* AIM OF THE EXERCISE *
Skip the pictures. Output only the lines below starting at the line with "retea. Pentru a" and ending at the line with "- Besonderheiten: Geld", both ends included, exactly as they are.

* RECORDS TO USE *
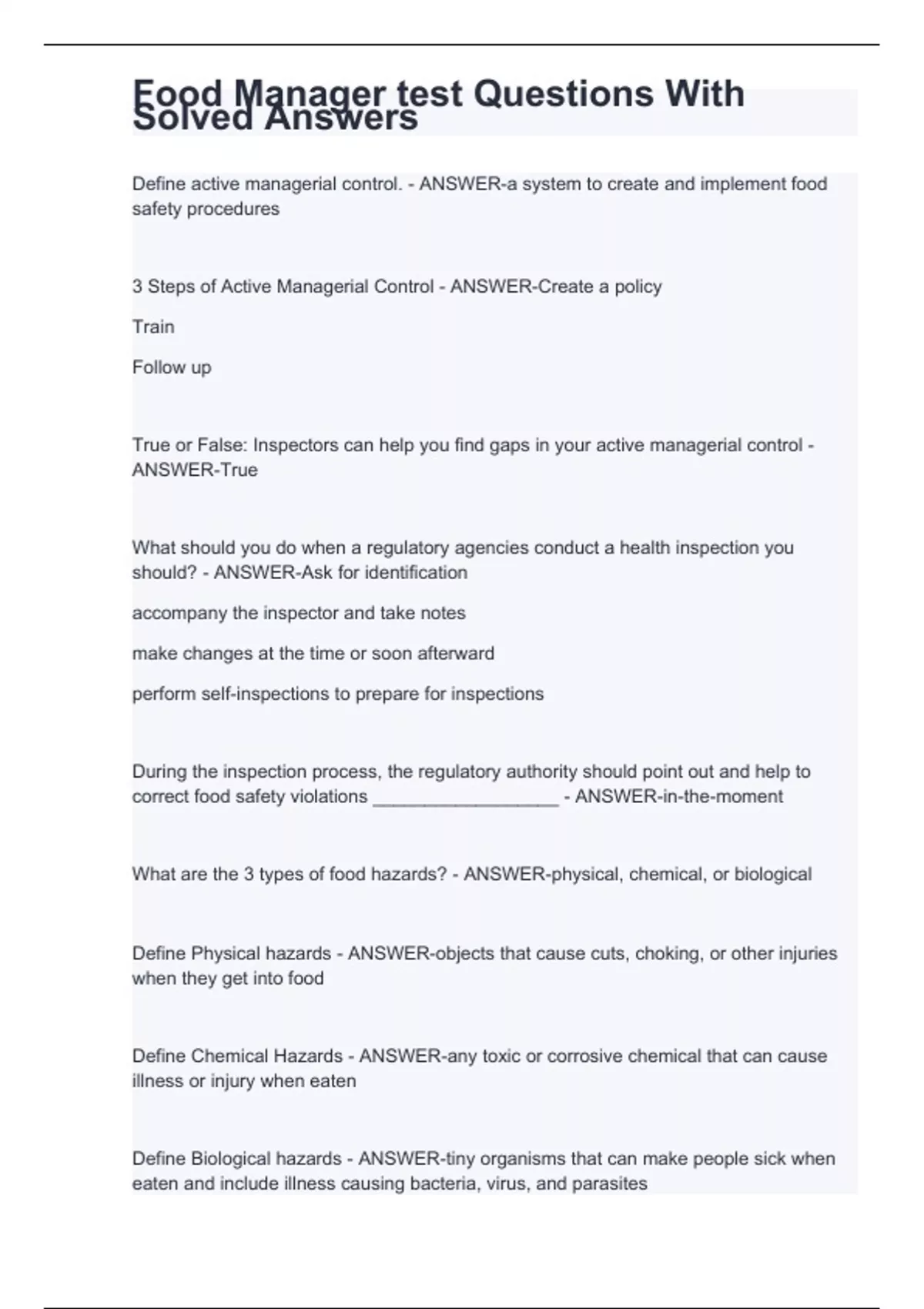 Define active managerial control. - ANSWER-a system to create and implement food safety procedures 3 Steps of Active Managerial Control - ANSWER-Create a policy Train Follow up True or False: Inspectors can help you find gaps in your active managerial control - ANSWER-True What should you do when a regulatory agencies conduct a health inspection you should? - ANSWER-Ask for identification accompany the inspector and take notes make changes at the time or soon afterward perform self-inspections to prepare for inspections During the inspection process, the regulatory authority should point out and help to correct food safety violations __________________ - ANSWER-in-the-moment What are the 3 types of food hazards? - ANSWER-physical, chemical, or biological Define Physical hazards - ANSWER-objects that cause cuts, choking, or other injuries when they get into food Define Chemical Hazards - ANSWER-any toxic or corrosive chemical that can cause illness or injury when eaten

* * *

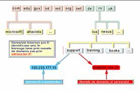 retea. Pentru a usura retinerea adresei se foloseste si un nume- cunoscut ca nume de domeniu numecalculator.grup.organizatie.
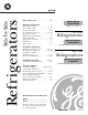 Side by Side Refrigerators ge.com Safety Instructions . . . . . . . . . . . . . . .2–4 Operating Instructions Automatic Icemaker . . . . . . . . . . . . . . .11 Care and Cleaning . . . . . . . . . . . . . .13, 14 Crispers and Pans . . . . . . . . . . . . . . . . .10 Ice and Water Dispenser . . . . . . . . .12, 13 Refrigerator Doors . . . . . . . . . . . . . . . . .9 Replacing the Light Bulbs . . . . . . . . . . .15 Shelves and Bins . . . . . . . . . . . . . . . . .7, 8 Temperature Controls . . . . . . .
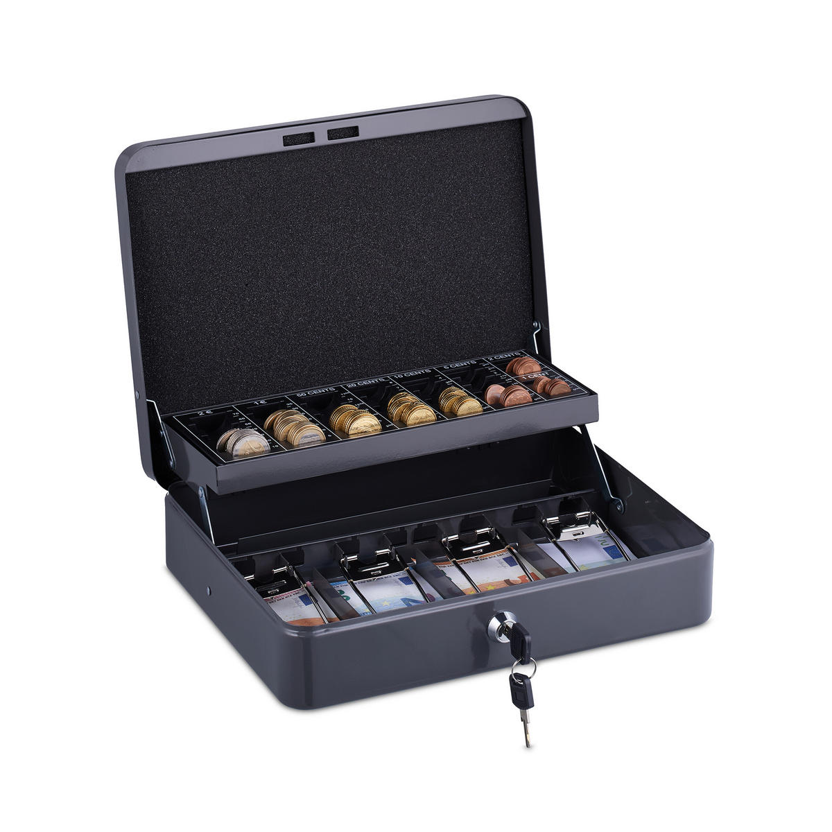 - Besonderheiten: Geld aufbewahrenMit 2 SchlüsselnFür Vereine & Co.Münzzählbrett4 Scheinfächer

* SOLUTION FOR THIS PROBLEM *
 retea. Pentru a usura retinerea adresei se foloseste si un nume- cunoscut ca nume de domeniu numecalculator.grup.organizatie.
 Side by Side Refrigerators ge.com Safety Instructions . . . . . . . . . . . . . . .2–4 Operating Instructions Automatic Icemaker . . . . . . . . . . . . . . .11 Care and Cleaning . . . . . . . . . . . . . .13, 14 Crispers and Pans . . . . . . . . . . . . . . . . .10 Ice and Water Dispenser . . . . . . . . .12, 13 Refrigerator Doors . . . . . . . . . . . . . . . . .9 Replacing the Light Bulbs . . . . . . . . . . .15 Shelves and Bins . . . . . . . . . . . . . . . . .7, 8 Temperature Controls . . . . . . .
 - Besonderheiten: Geld aufbewahrenMit 2 SchlüsselnFür Vereine & Co.Münzzählbrett4 Scheinfächer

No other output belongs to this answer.